Мне кажется, что художник-философ — это немножко неправильно. Ну, исключения единичны. Я не знаю, ну… Наверное, «Философия одного переулка» Пятигорского. Наверное, кое-что из прозы Мамлеева, прежде всего философа-мыслителя, ну и художника сильного. А вот, скажем, «Зияющие высоты» Зиновьева, по-моему, сейчас читать уже невозможно. Ну, в любом случае художником быть, по-моему, веселее — он ближе к сердцу.
Услышимся через три минуты.
Продолжаем разговор.
Ну, поговорим о Максе Волошине. По понятной причине мы как-то еще не подходили вплотную к этой фигуре, потому что Волошин как-то всегда воспринимается как поэт второго ряда.

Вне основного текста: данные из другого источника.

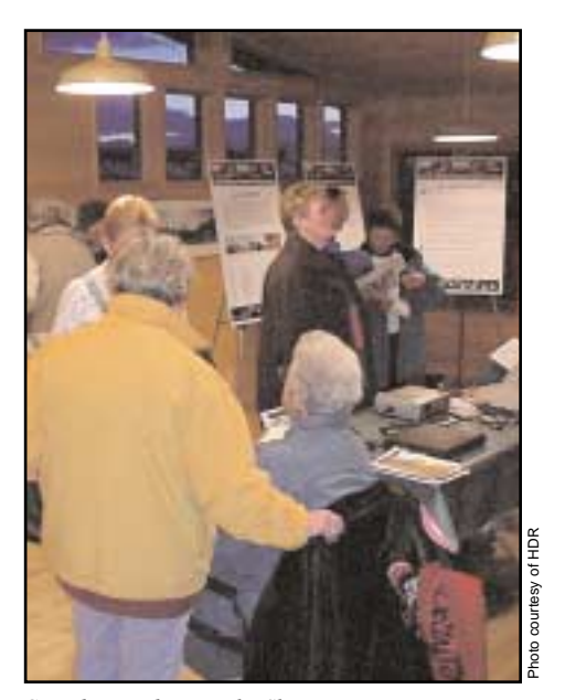
Corridor residents in the Sheep Mountain area attending the open house

Кстати, к вопросу о Мандельштаме. Когда я «Остромова» писал, там известно, что одним из прототипов главного героя Дани Галицкого был такой Даниил Жуковский, сын Аделаиды Герцык (по фамилии мужа). И он — несчастный мальчик, страшно одаренный, гениальный. Я очень любил и тексты его, и дневники, и переписку. Просто один из любимых моих героев, расстрелянный по такому глупому доносу уже в тюрьме, а до этого посаженный за переписку, в том числе стихов Макса. И вот, прости меня, Господи, если какая-то может быть моральная претензия к Мандельштаму, то за одну его легкомысленную шутку. Мандельштаму (они же все были знакомы по Крыму) сказали, что вот сын Аделаиды Герцык, живущий в Судаке, живший, арестован. «А за что?» — «За переписывание стихов Макса Волошина». — «Ну и правильно. Макс — плохой поэт». Царствие небесное им всем, но, прости, Господи, это действительно такая шутка, скажем так, жестокая.
Но дело в том, что Мандельштаму Макс действительно должен был казаться плохим поэтом. Но тут вот какая вещь: надо, наверное, к этому прийти. Все-таки в поэзии бывают очень разные системы отсчета. Любовь к Мандельштаму — она как бы льстит читателю. Читатель склонен больше себя уважать за разгадывание бесконечно красивых, суггестивных, иногда очень точных, кстати, вполне рациональных мандельштамовских ребусов. Меня дети многие, вот школьники… Когда я, бываю, читаю «Стихи о неизвестном солдате», я говорю: «Но ведь, наверное, вам ничего не понятно?» — «Да Львович, а что тут не понять?» Я говорю: «Ну, дай вам Бог здоровья и генеральский чин, если для вас так понятно». Кстати, именно один из моих школьников мне объяснил, что «Ясность ясеневая и зоркость яворовая чуть-чуть красная мчится в свой дом» — это всего лишь листопад; говоря по-ахматовски, «страшный праздник мертвой листвы». Наверное, им действительно понятно. Но в принципе Мандельштам, конечно, труден. И любить Мандельштама — это как-то больше уважать себя за понимание вот этих тяжелых и сложных вещей.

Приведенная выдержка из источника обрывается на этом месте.